I’m surrounded by people that don’t care and mock this. They mock that i actually care about the feelings of others and that i love animals so much that i DON’T want to eat them, for their sake (Christ is about LIFE and giving value TO life, that means ALL life, not just human life), and of course for very deep health reasons.
Isaiah 11:6 - When predator lays with their prey and is lead by a little child? God has made it clear to me that the reason a little child would lead this peace is because little children don’t even THINK to kill. God also is really putting it on my heart that, “Thou shalt not kill” is actually meant to be applied to animals too because Jesus says we are to be like little children, little children that are NOT meant to kill, nor contribute to killing, nor contribute to the suffering of ANYONE or ANYTHING. Animals have feelings, and i for one could NEVER look an animal in the eyes and kill it.
Also, before Eve and Adam ate the forbidden fruit, i guarantee the thought to kill anything did NOT exist in their minds or hearts.
But yeah, i get mocked by so many Christians even though God has made it CLEAR he wants me to awaken people to this truth. They go on about animal sacrifices, but don’t realize after Jesus’ perfect sacrifice, there was truly no need for ANY animal sacrifices... God (and Jesus) made it abundance clear that obedience to His Commandments meant more to them than sacrifice, which includes the Commandment, “Thou shalt not kill.” Eating animal flesh/products results in killing animals that ultimately kills ourselves faster.
I have a hard time being on earth because people don’t care about what God sent me to do. People don’t care about feelings (i have been bullied pretty much my entire life). People don’t want to look deeper into genuine truth.

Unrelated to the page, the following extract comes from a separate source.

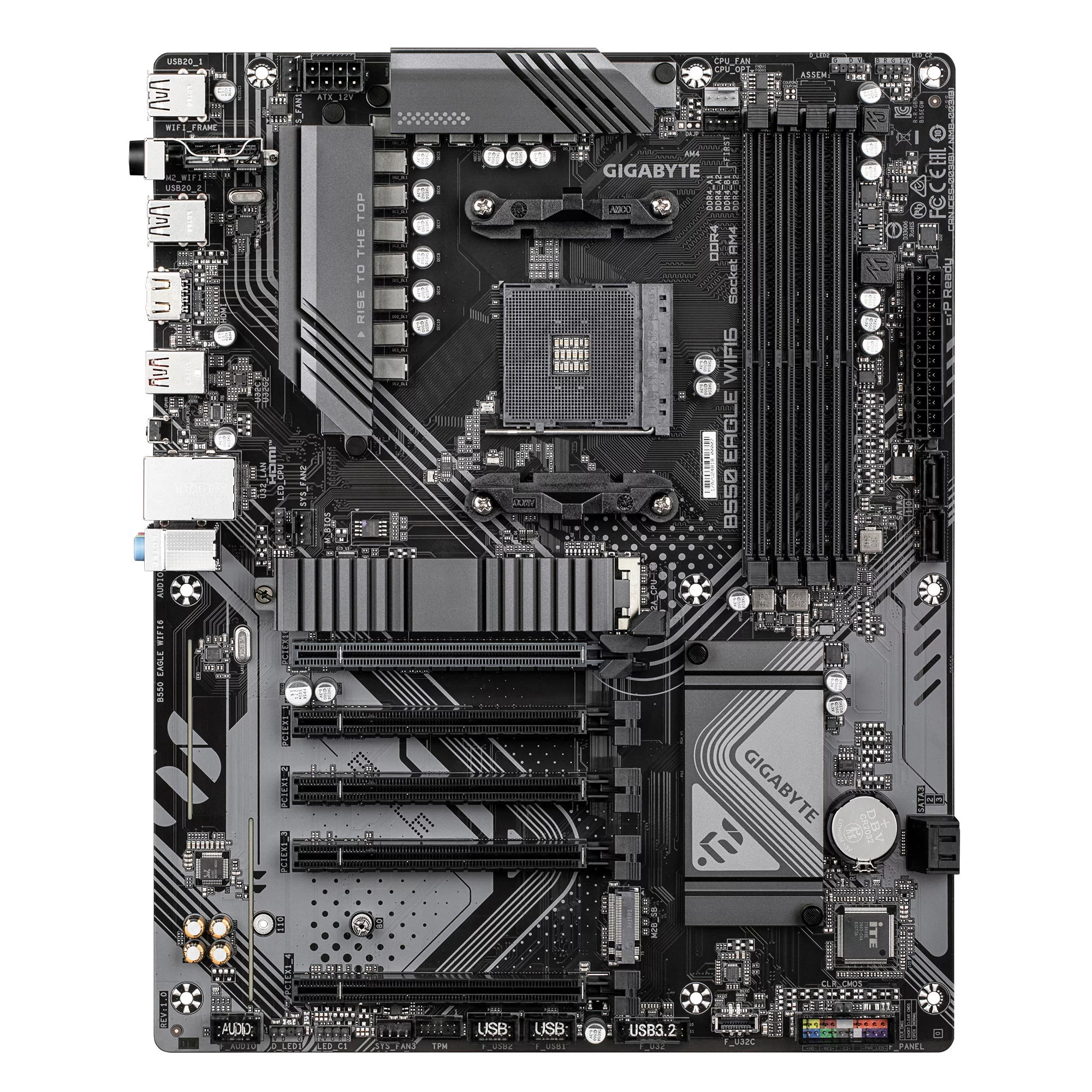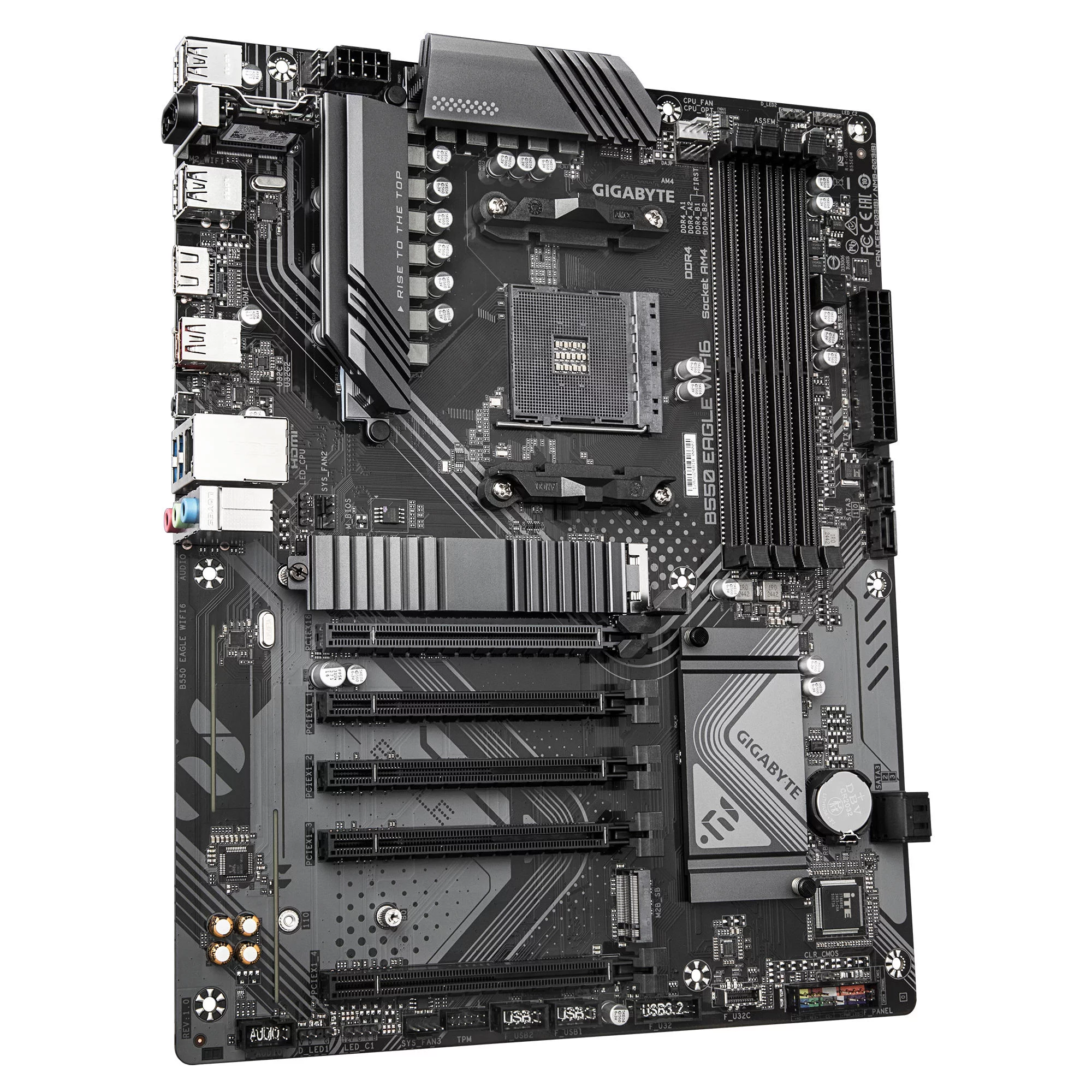 Материнська плата GIGABYTE B550 EAGLE WIFI6 формату ATX для процесорів AMD Ryzen (Socket AM4). Оснащена чипсетом B550, підтримує до 128 ГБ DDR4 у 4 слотах, два M.2 для SSD, 4 SATA, PCIe 4.0/3.0, HDMI, а також сучасні інтерфейси USB. Має вбудований Wi-Fi 6, Bluetooth 5.3, гігабітний LAN та аудіо Realtek 7.1. LED-підсвічування RGB Fusion та Q-Flash Plus забезпечують зручність у використанні.

Today was my mom’s birthday so we went to a restaurant where my sister basically mocked me saying that it was “so inconvenient” that i was a vegan (but, i was grateful that the restaurant did make modifications to accommodate that). After dinner my parents and i went to the symphony, and after the symphony there was a man outside asking for money and i watched hordes of people just walk by like he didn’t exist. I gave him the last of my change and prayed for him. Then another man asked my parents as we were approaching our vehicle for something and my dad made a remark like, “they always want more and more.” Yet, while he was saying that i was in the middle of praying for the abundance of homeless people and for them to have the means to get off the street (as i gave the last of my change to the previous man outside of the concert hall).
It’s like, no one even THINKS to treat others as they wish to be treated anymore. It’s at that moment where i really felt like i truly don’t belong on this earth. I really want to go home where people actually care at the level God has taught me to care. From what i can tell, that isn’t anywhere on earth.